Oral corticosteroids are potent anti-inflammatory drugs used in the treatment of many diseases. The doses of these drugs vary greatly, depending on the disease or severity or patient population. In Japan, prednisolone tablets are one of the most commonly prescribed oral corticosteroids. These tablets may be administered daily, at a maintenance dose of ≤ 5 mg/body, in chronic diseases such as collagen disease. Conversely, in the chemotherapy of malignant lymphoma, high-dose prednisolone such as 100 mg/body is prescribed. Moreover, there is a possibility of dose adjustment within the same patient, based on his/her severity of symptoms.

To accommodate the wide variation in the required dose, oral prednisolone tablets are available in some strengths (1 mg, 2.5 mg, and 5 mg tablets in Japan). When adjusting the dose from a previous prescription, wrong input of the dose or wrong selection of strengths may occur due to the existence of multiple strengths of the drug. Prednisolone tablets, which have a very wide range of approved doses, are high-risk drugs that are prone to prescription errors [7, 8]. Even with the maximum approved dose of prednisolone tablets (e.g., 100 mg/day) set as a threshold for dose alert features currently implemented in CDS or CPOE, it is difficult to detect inappropriate doses in the clinical setting.

In recent years, research using machine learning (ML) has been actively conducted in the healthcare fields [9,10,11,12,13,14,15,16,17,18,19,20,21,22,23,24,25,26,27,28,29,30,31], and its usefulness has been reported for solving complex problems such as diagnostic support and prognosis prediction. The aim of this study is to develop a predictive model to determine the appropriateness of the dosage of oral prednisolone tablets using a machine learning algorithm. Real-world data in the field of drug safety, such as dose errors, are imbalance with very few positive cases. We hypothesized that ML would perform better than conventional models in detecting dose-inappropriate prescription, which is highly disproportionate data. We explore the possibility that a highly accurate prediction model using machine learning will be implemented as a prescription audit function for CDS and CPOE and that it will contribute to the prevention of dose errors of high-risk drugs.

2 Related Work

Clinical data are often imbalanced, i.e., some classes have much fewer instances than others. The percentage of positive cases in clinical dataset of Table 1 is imbalanced (1.6–47.2%). Without dealing with data imbalances, the minority class is often insensitive to machine learning. This problem is serious when the minority class is the target of the prediction. Several approaches have been proposed and research into solutions to overcome the problem of imbalanced datasets [32, 33].

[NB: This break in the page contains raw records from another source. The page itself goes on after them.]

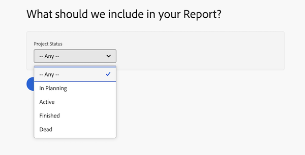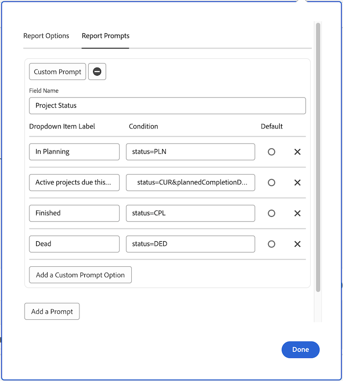 Create a custom prompt that shows the following project statuses in the prompt drop-down menu: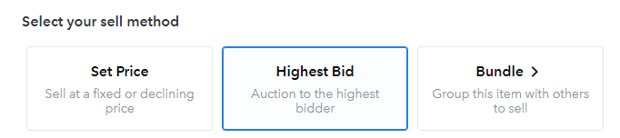 首先我们需要选择一种出售方式,可选的有固定价格、拍卖和打包出售这三种。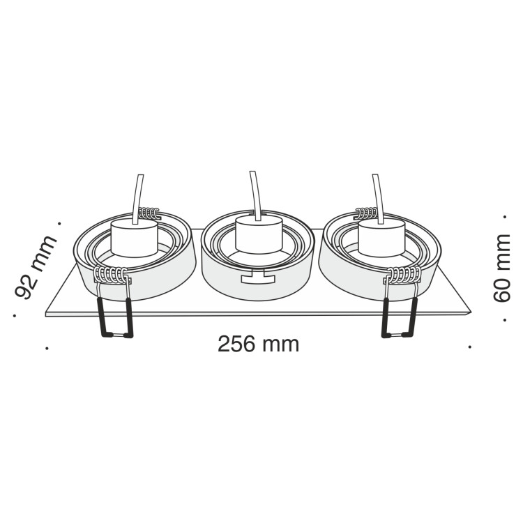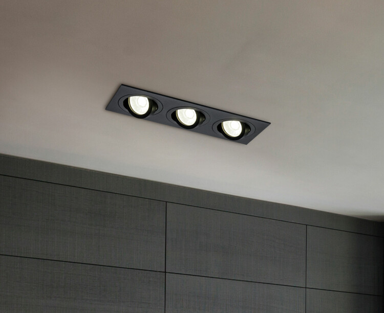 Встраиваемые потолочные светильники с корпусом, изготовленным из алюминия по технологии литья под давлением. При окрашивании используется стойкая к царапинам порошковая краска. Направление светового потока регулируется в одной плоскости с отклонением от оси на 25°. Серия представлена моделями с одной лампой, а также комбинациями из двух и трех светильников, собранных в единой металлической раме. В качестве источника света рекомендуется использовать лампы Voltega (art. 7060/7061) мощностью 7W и углом рассеивания 38°. Диммируемые версии ламп — art. 7108/7109. Встраиваемый плоско-поворотный светильник GU10 х 3 х 50W (лампы приобретаются отдельно), черный металл Наружный размер - 256 х 92 мм Монтажный размер - 245 х 80 мм Глубина встройки - 80 мм

Table 1 Previous works: binary prediction with multi-ML algorithm in clinical data (excluding image and text data) in 2017–2020

Ichikawa et al. [34] developed screening model for hyperuricemia using the random under-sampling method on highly imbalanced data with a positive rate of 1.4%. The synthetic minority over-sampling technique (SMOTE) [35] is the best-known over-sampling technique and is often used for imbalanced medical data: prediction of all-cause mortality by Sakr et al. [36] (34,212 patients data with 11.3% positive cases), prediction of stroke by Wu et al. [37] (1131 patients data with 5.0% positive case), and prediction of the risk for severe complication after bariatric surgery by Cao et al. [38] (training dataset of 37,811 patients with 3.2% positive case).

Feature selection [39] is a method of considering an imbalanced distribution by selecting the best features. De Silva et al. [40] identified prediabetes predictors from 6346 persons data with 23.4% positive case by combining feature selection and machine learning. In this study, four feature selection algorithms were used to select 15 to 30 variables depending on severity from 156 preselected variables. Ali et al. [41] improve the diagnostic performance of Parkinson’s disease by two-dimensional data selection using voice data.

Cost-sensitive learning [42] may also be used for imbalanced learning. This concept takes into account the cost of prediction errors when training a machine learning model by assuming that the cost of misclassification of the minority sample is higher than that of the majority sample. Nakamura et al. [43] used the L2-regularized logistic regression with cost-sensitive learning and CNN models to identify readmissions within 30 days of children and reported that the F-measures for both models were similar.

3 Methods

3.1 Database and Features

The data warehouse, which stores EMR data at Obihiro Kosei General Hospital, a regional center hospital in a rural area of Hokkaido in Japan, was used.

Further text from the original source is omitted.